В Мексике, в городе Куэрнавака жил сын Виктора Сержа Владимир Кибальчич, всемирно известный художник, работавший под псевдонимом Влади. Оренбургский благотворительный фонд «Евразия» и его руководитель Игорь Храмов установили тесные отношения с Владимиром Викторовичем. Он подарил более двухсот своих графических работ Оренбургскому музею изобразительных искусств, а фонд «Евразия» издал великолепный альбом живописных работ художника. Влади Кибальчич передал в Оренбург книгу стихов своего отца, с которой и осуществлены предлагаемые читателю переводы. К сожалению, когда работа над этим сборником подходила к концу, из Куэрнаваки пришла скорбная весть: Владимир Викторович Кибальчич, незадолго до того отметивший свое 85‐летие, скончался. Говорят, он успел ознакомиться с некоторыми переводами стихотворений своего отца, включенными в этот сборник.
Книга стихов Виктора Сержа, вышедшая в 1998 году во Франции весьма скромным тиражом, озаглавлена «Pour un brasier dans un desert» – «Ради костра в пустыне». Это строка из стихотворения «Созвездие павших братьев». В переводе она, естественно, звучит несколько иначе. Поэтому, на мой взгляд, вполне правомерно предлагаемое название сборника русских переводов – «Костер в пустыне».

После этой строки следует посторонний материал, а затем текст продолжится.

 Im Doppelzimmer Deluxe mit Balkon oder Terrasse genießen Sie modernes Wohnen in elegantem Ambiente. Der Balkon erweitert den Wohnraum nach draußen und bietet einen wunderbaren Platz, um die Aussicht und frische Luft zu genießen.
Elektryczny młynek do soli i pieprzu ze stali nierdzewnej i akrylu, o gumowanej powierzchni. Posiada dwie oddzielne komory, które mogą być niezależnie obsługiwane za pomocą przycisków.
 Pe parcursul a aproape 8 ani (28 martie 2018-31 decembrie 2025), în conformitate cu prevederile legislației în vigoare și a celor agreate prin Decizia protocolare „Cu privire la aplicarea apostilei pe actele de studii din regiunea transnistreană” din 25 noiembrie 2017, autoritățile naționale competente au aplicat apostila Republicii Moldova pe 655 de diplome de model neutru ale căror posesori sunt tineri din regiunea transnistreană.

В книге двадцать стихотворений. Все они так или иначе относятся к периоду оренбургской ссылки Виктора Сержа 1933–36 годов: либо написаны в Оренбурге, либо опубликованы в эти годы (естественно, за рубежом), либо логически развивают тему, начатую в ссылке. Сохранен порядок их расположения во французском издании.

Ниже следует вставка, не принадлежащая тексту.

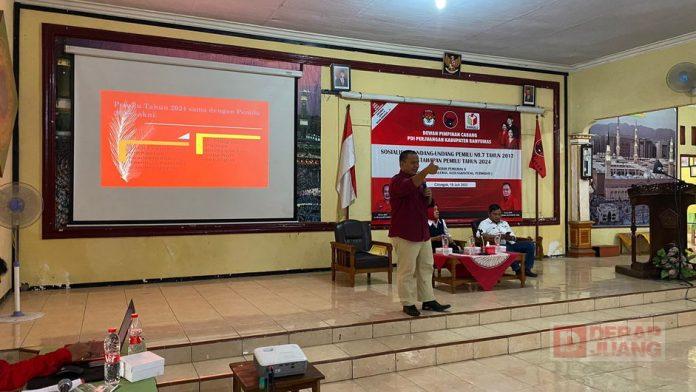 Sosialisasi Pengawasan Penyelenggaraan Pemilu, yang diselenggarakan oleh PDI Perjuangan Banyumas.
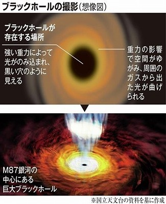 た。 ブラックホールの存在は、100年余り前、アインシュタインが発表した「一般相対性理論」をもとに予言されました。 しかし、実際の観測では長い間見つからず、ブラックホールとされる天体が初めて見つかったのは50年以上たった1971年でした。 その後、非常に遠くにありながら明るく輝いて見える天体には、エネルギー源としてブラックホールがあるとされるなど、候補と考えられる天体が次々に観測されるようになりました。 しかし、どうしても見ることができなかったのが、黒い穴のように見える「ブラックホールの影」の部分、地球から遠くにあるブラックホールはこれまでの望遠鏡で観測するには限界があったためです。 以上。
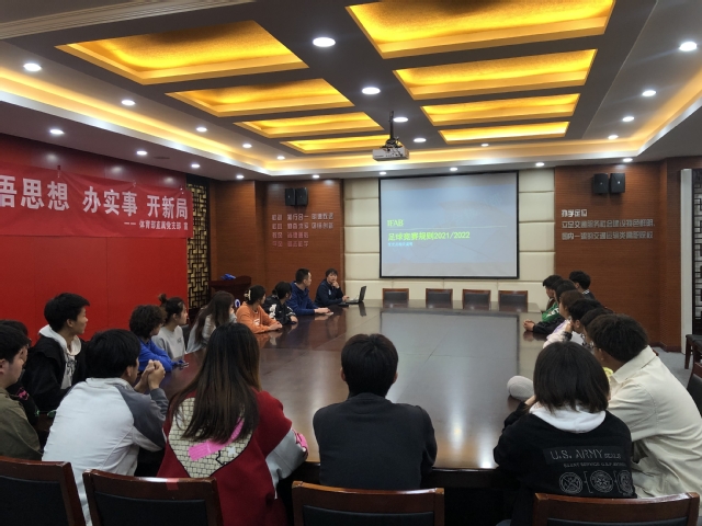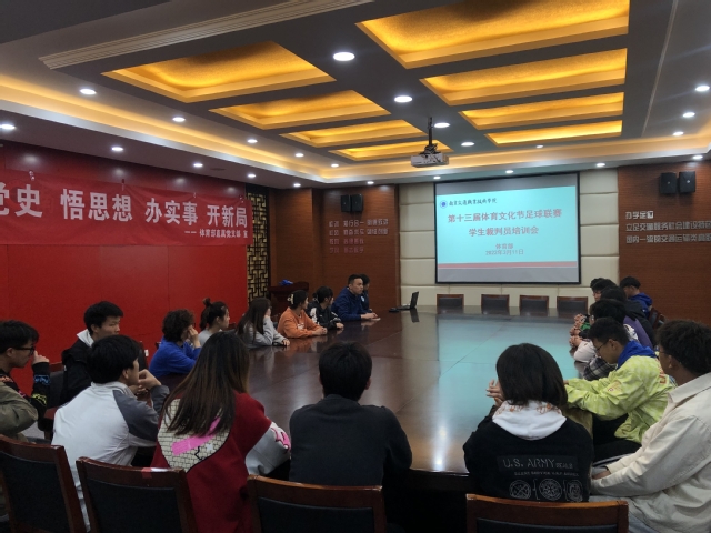 为顺利举办“南京交院第十三届体育文化节足球比赛”,体育部于3月11日下午,在行健馆会议室举行足球裁判员培训。会议由竞赛教研室主任唐曹恺夫主持,校足球队教练陈烨青老师主讲,全体学生裁判员参加本次培训。

Стихи Сержа чаще всего напоминают ритмизированную прозу, размер в них часто меняется, рифма появляется лишь время от времени. Адекватно передать стихи Виктора Сержа на русском языке было главной задачей переводчика.

Вячеслав МОИСЕЕВ.

граница

Берег Урала.
Роща слегка серебрится, дремлет река на песке,
коршун кружит в небесах –
правда, чуть ниже, чем истребитель,
бодро стянувший пряжкою смерти край золотой бахромы белоснежного облака,
а чрез мгновение – край
бездны земной, что бездонней, чем звездная бездна.

Здесь – край Европы, граница мира,
для которого Атлантика – лишь внутреннее море, и Атлантида – лишь вчерашний сон.
Семь утра, значит двадцать часов на краю самой большой Европы,
во Фриско, Сан‐Франциско, на берегу Тихого океана, на границе последней самой большой войны,
Фриско, где живут ИРМ.
Чьи там взгляды, печальные, словно мой взгляд,
обращенные к Азии, тянутся за океан,
чтоб проникнуть в это плотское небытие начала и конца континентов
с помощью молчанья другого человека?

Степь начинается с нежных равнин,
чистых равнин, плодородных, бескрайних равнин,
с прикосновения облака к голой земле.
Притяжение сфер и пространства,
Рыжих жеребчиков бег к точке истока ключа.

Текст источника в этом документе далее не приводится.